▶ _Problem details_:
Your answer must be an exact retyping of the line containing "Cụ thể là khi" and every line after it through the end of the records below, with no pictures and nothing else.

- - -

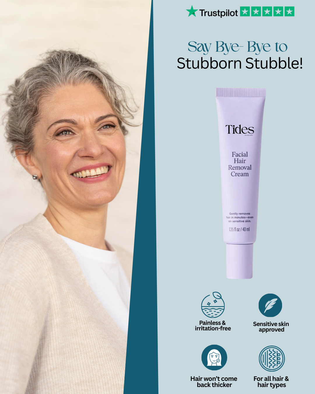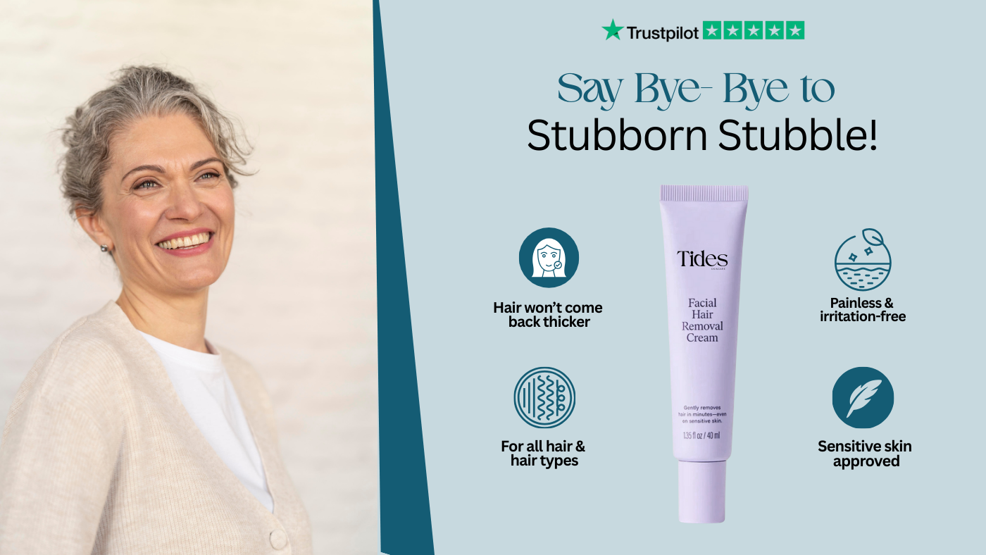 Our gentle facial hair removal cream is designed for women over 45 and trusted for safe, effective results. Specially made for sensitive, mature skin, it removes hair quickly and comfortably, leaving your skin soft, smooth, and radiant — so you can feel confident and cared for every day.
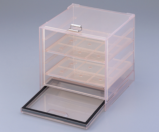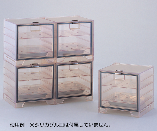 ●上に積み重ねることができます。●非帯電樹脂仕様で静電気の影響を抑えます。●材質:本体・フタ・棚/非帯電ABS樹脂(表面固有抵抗値 3×10^11Ω(参考値))、留金/SUS303●棚段数:4段●棚間隔:43mm●棚板耐荷重:約2.5kg/段●総耐荷重:約10kg●重量(棚板含む):約1.8kg●付属品:棚板×2枚(非帯電ABS樹脂)●外寸法:250×250×250mm●内寸法:215×220×200mm●※シリカゲル皿は付属していません。(推奨シリカゲル皿:ステンレス角型バット4-5309-01)
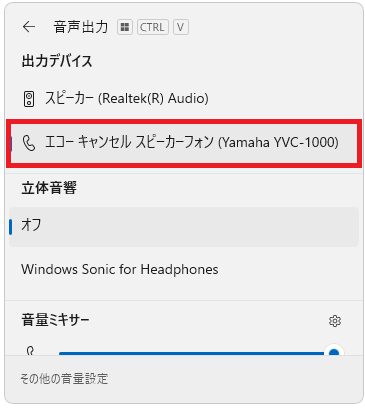 PCのローカルで設定した音声主力先の設定は、リモートデスクトップ画面にも反映されます。
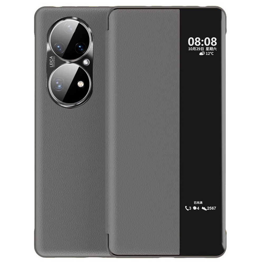 Θήκη Huawei P50 Pro OEM Half Mirror View Stand Cover v5 με μαγνητικό κούμπωμα από συνθετικό δέρμα γκρι
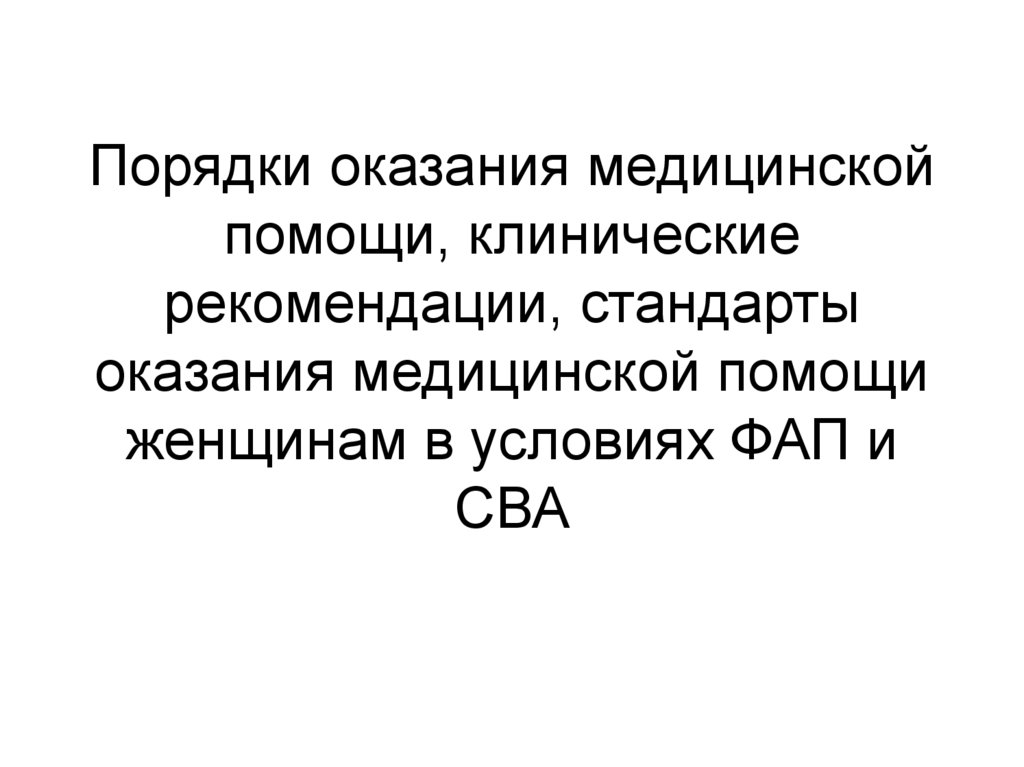 1. Порядки оказания медицинской помощи, клинические рекомендации, стандарты оказания медицинской помощи женщинам в условиях ФАП и
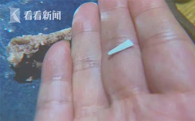 Cụ thể là khi con gái bà Quý đang ăn một miếng thịt bò, cô bé không khỏi bất ngờ khi phát hiện dị vật bên trong. Gia đình bà cho rằng đó chỉ là xương.
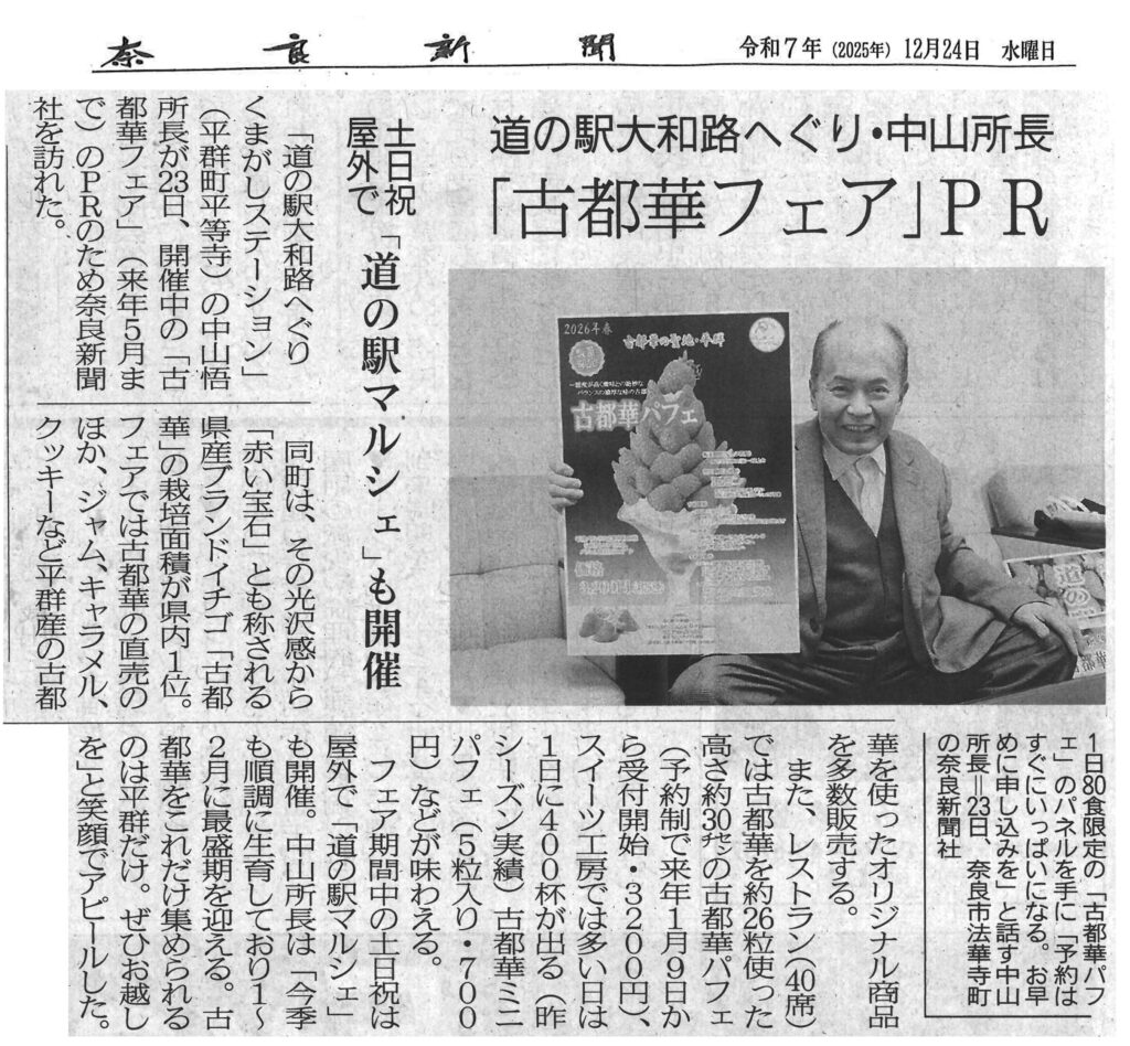 12月24日付 奈良新聞に掲載されました

- - -

▶ _Task solution_:
 Cụ thể là khi con gái bà Quý đang ăn một miếng thịt bò, cô bé không khỏi bất ngờ khi phát hiện dị vật bên trong. Gia đình bà cho rằng đó chỉ là xương.
 12月24日付 奈良新聞に掲載されました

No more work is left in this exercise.